« L’absence des femmes dans le monde digital n’est pas une fatalité » : rencontre avec Isabelle Collet
Dans son ouvrage Les oubliées du numérique paru le 26 septembre dernier, Isabelle Collet dresse le bilan d’un secteur massivement dominé par les hommes et aborde les solutions à instaurer pour favoriser l’inclusion des femmes. Afin de faire le point sur cet enjeu crucial, Lettres Numériques est allé à la rencontrer de l’auteure.
Lettres Numériques : Pour commencer, quel est votre parcours ?
Isabelle Collet : Je suis informaticienne scientifique. Après avoir passé six ans en tant que formatrice en informatique, j’ai souhaité reprendre des études en science de l’éducation pour obtenir un diplôme en ingénierie de la formation. Je suis entrée à l’université Paris Nanterre et j’y ai découvert les études genre, qu’on appelait à l’époque « rapports sociaux de sexe ». J’ai compris beaucoup de choses, sur mon parcours, sur le fonctionnement de la société en général en matière d’orientation et de formation… Ces découvertes m’ont suffisamment passionnée pour que je reste jusqu’au doctorat. Ma thèse portait sur la masculinisation des études d’informatique. Je suis donc devenue sociologue. Mais si j’avais trouvé en informatique un travail intéressant, valorisant et un moyen de faire carrière, je serais devenue une informaticienne heureuse.
Comment en êtes–vous venue à vous intéresser au lien entre genre et nouvelles technologies ?
Mon parcours vous donne la réponse. J’ajouterai que rétrospectivement, j’ai un début de parcours « féminin » assez typique. J’ai arrêté ma formation au Bachelier, pensant que je n’aurais pas le niveau pour le Master et je n’ai pas été encouragée (ni découragée, d’ailleurs) à poursuivre, alors que j’étais quatrième de ma promotion. J’ai travaillé dans la formation informatique… c’est-à-dire que comme beaucoup d’informaticiennes, les opportunités que j’ai rencontrées étaient dans des métiers connexes à la technique elle-même. Finalement, j’ai douté sérieusement d’être à ma place dans la tech. Les études genre m’ont permis de revisiter mon parcours et donner l’envie d’aller plus avant sur le sujet. Le livre que je publie aux éditions Le Passeur, Les oubliées du numérique, est la compilation de plus de quinze ans de recherche.
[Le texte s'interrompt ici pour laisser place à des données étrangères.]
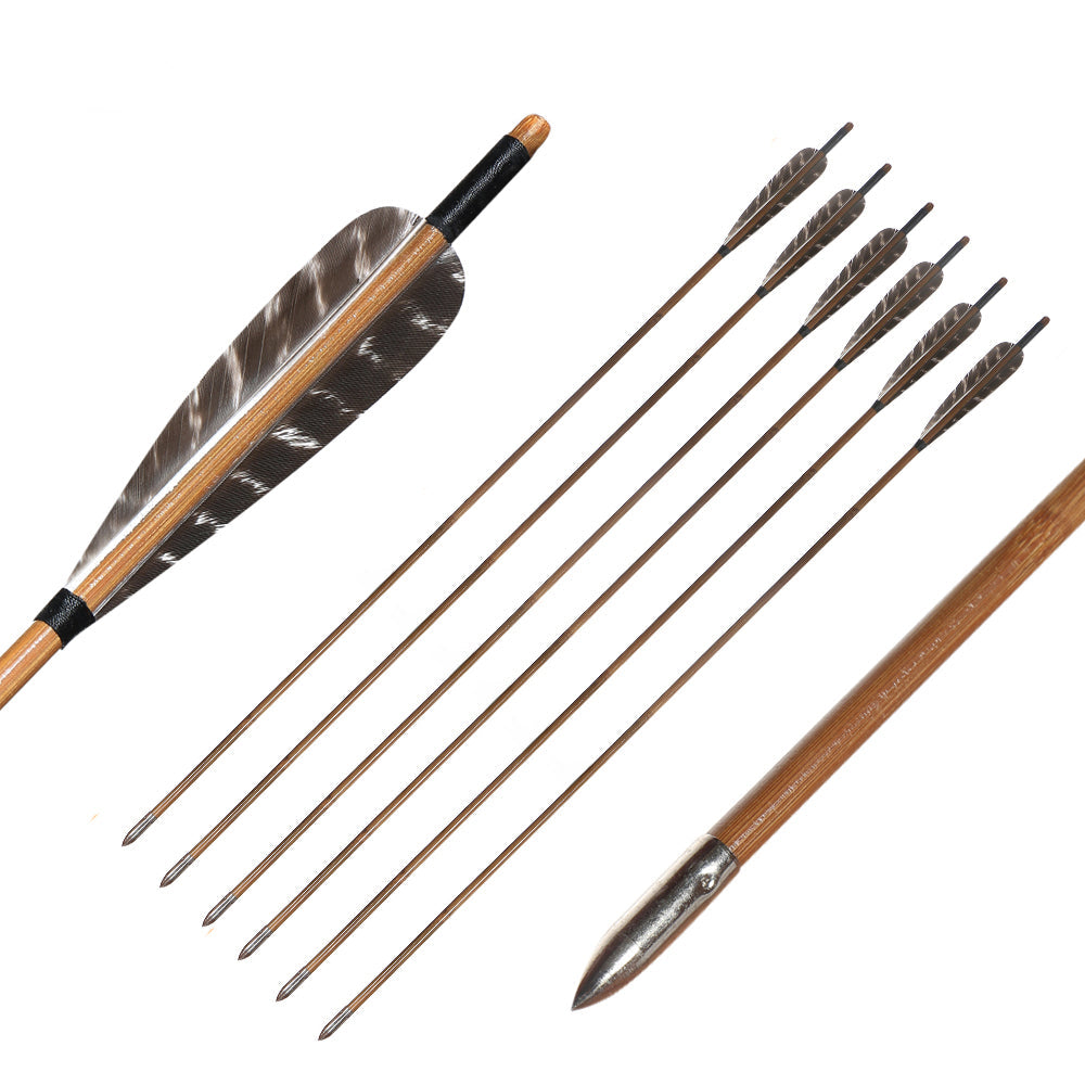 6pcs Linkboy Archery Handmade Bamboo Arrows 35inch Traditional Arrows 5inch Turkey Feather Hunting Arrows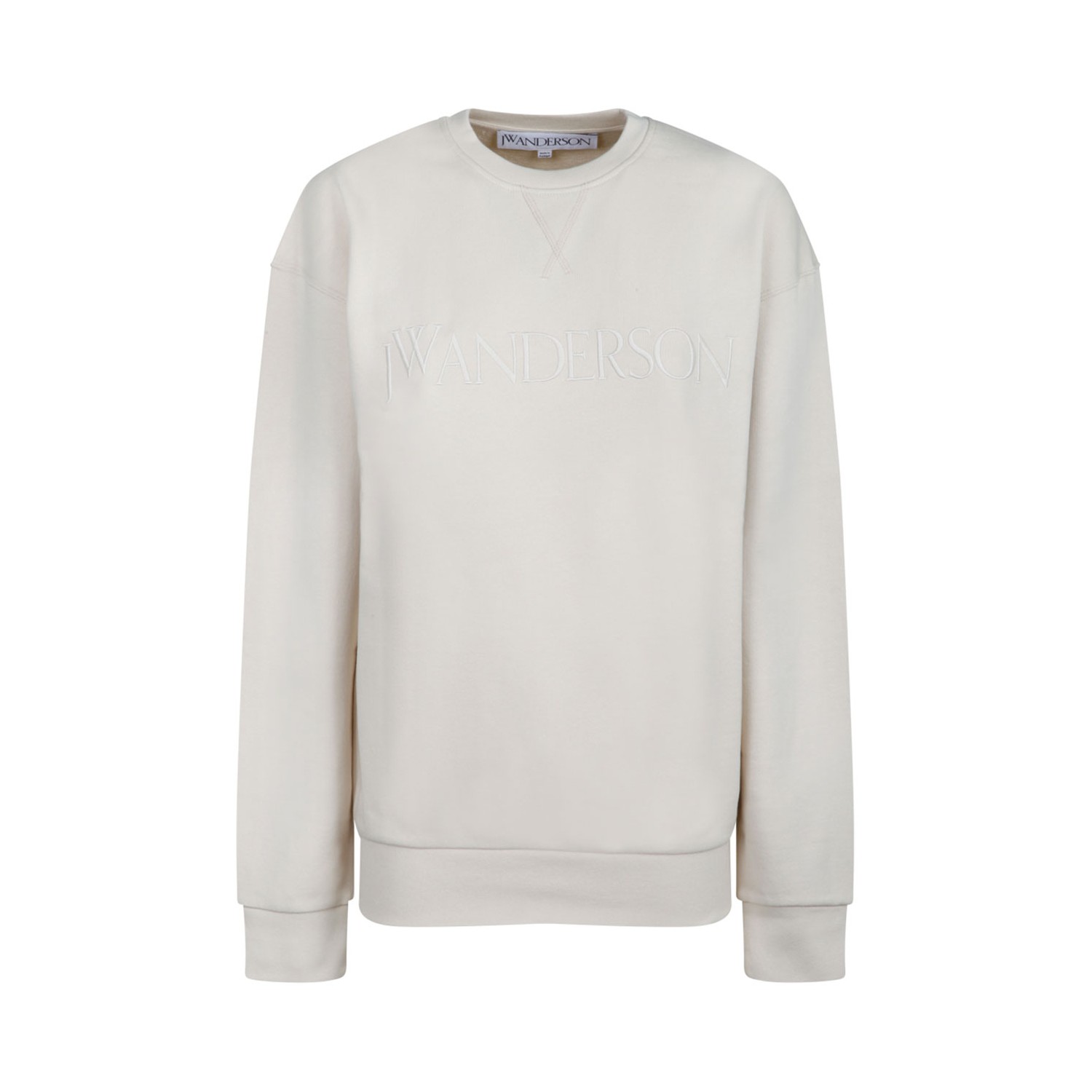 JW Anderson Light Beige Logo Embroidered Sweatshirt. Light beige cotton sweatshirt, jersey texture, crew neck, long sleeves. Elasticated cuffs, embroidered logo at the chest, internal logo tag, elasticated straight hem.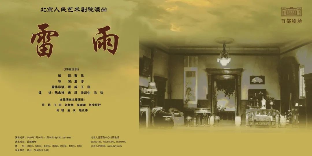 在《雷雨》剧本发表90周年、北京人艺版《雷雨》上演70周年之际,《雷雨》再度登陆首都剧场,开启新一轮演出,邀请观众共同探讨这部中国话剧经典的力量与价值。
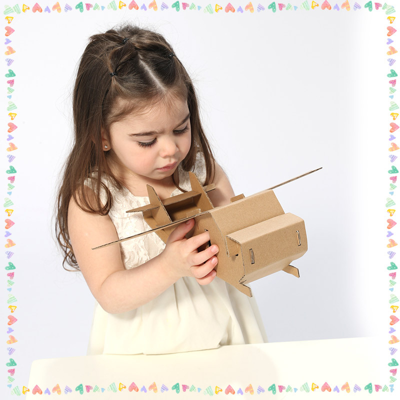 Carton toy area cardboard construction and production of kindergarten insertion model 3 children hand DIY aircraft windmill folder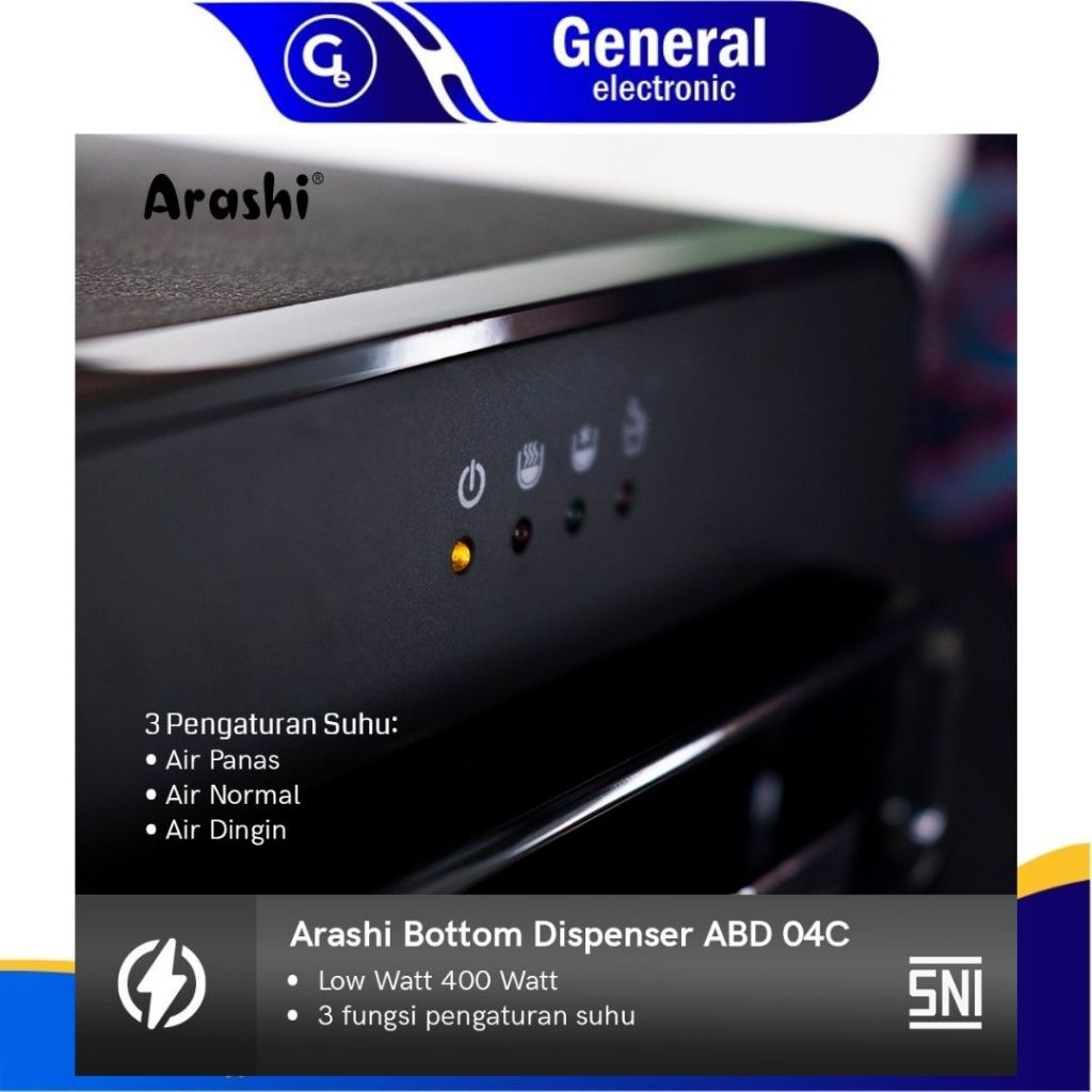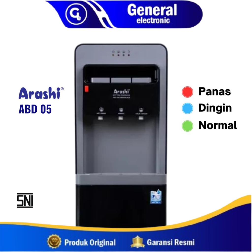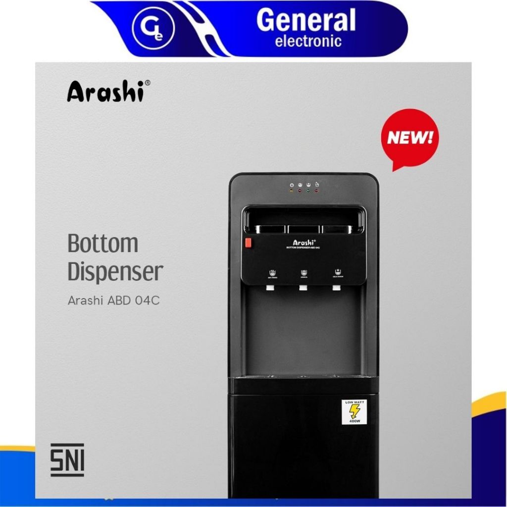 Dispenser Arashi Galon Bawah Digital ABD 04 Hitam - Fitur Panas Dingin Normal - 3 Kran

Quelle est la place des femmes dans le numérique aujourd’hui ?
Elle est toute petite : 15 % de femmes en France comme en Suisse travaillent réellement dans le numérique (si on retire du calcul les fonctions supports, comme le marketing ou les RH). 11 % seulement en cybersécurité, alors que c’est vraiment un domaine d’avenir. Elles sont 12 % en école d’ingénieur.
Pourquoi le numérique est–il principalement dominé par les hommes ?
Il s’est passé deux phénomènes dans les années 1990. Les métiers de ce secteur sont devenus prestigieux. L’informatique, c’était un emploi assuré, une carrière. Or, quand un savoir prend de l’importance dans le monde social, il se masculinise. Les femmes n’ont pas quitté le secteur, mais les hommes y sont arrivés en masse. L’autre phénomène, c’est l’arrivée du micro-ordinateur. Les garçons ont été les premiers équipés, et il s’est rapidement créé autour de ces ordinateurs des microsociétés de garçons adolescents, qu’on appelle aujourd’hui les « geeks ». Une nouvelle représentation de l’informatique est née, dans la tête des parents, des enseignants et des jeunes. L’informatique était une activité de jeunes garçons, peu sociables, peu sportifs, engloutis dans leur rapport à la machine… un stéréotype, bien sûr. Comme au même moment, le micro-ordinateur est arrivé en entreprise en remplacement des gros systèmes, il s’est créé une continuité des représentations erronée, mais puissante entre l’informatique faite par les geeks à la maison et les métiers de l’informatique. Les femmes sont devenues de plus en plus rares dans les études puis dans les métiers, mais ni l’entreprise ni l’enseignement supérieur n’a estimé à ce moment-là que c’était un problème. Au contraire, de nombreux discours naturalisant expliquaient que cette transformation était normale : les hommes étaient supposés être plus logiques, plus attirées par la technique, alors que les femmes, parce qu’elles ont la capacité d’être mère, devaient être plus proche de la nature. Que les femmes aient été pionnières dans le génie logiciel dans les années 1940-1970 et que les hommes aient la capacité d’être père ne semblait pas entrer en ligne de compte !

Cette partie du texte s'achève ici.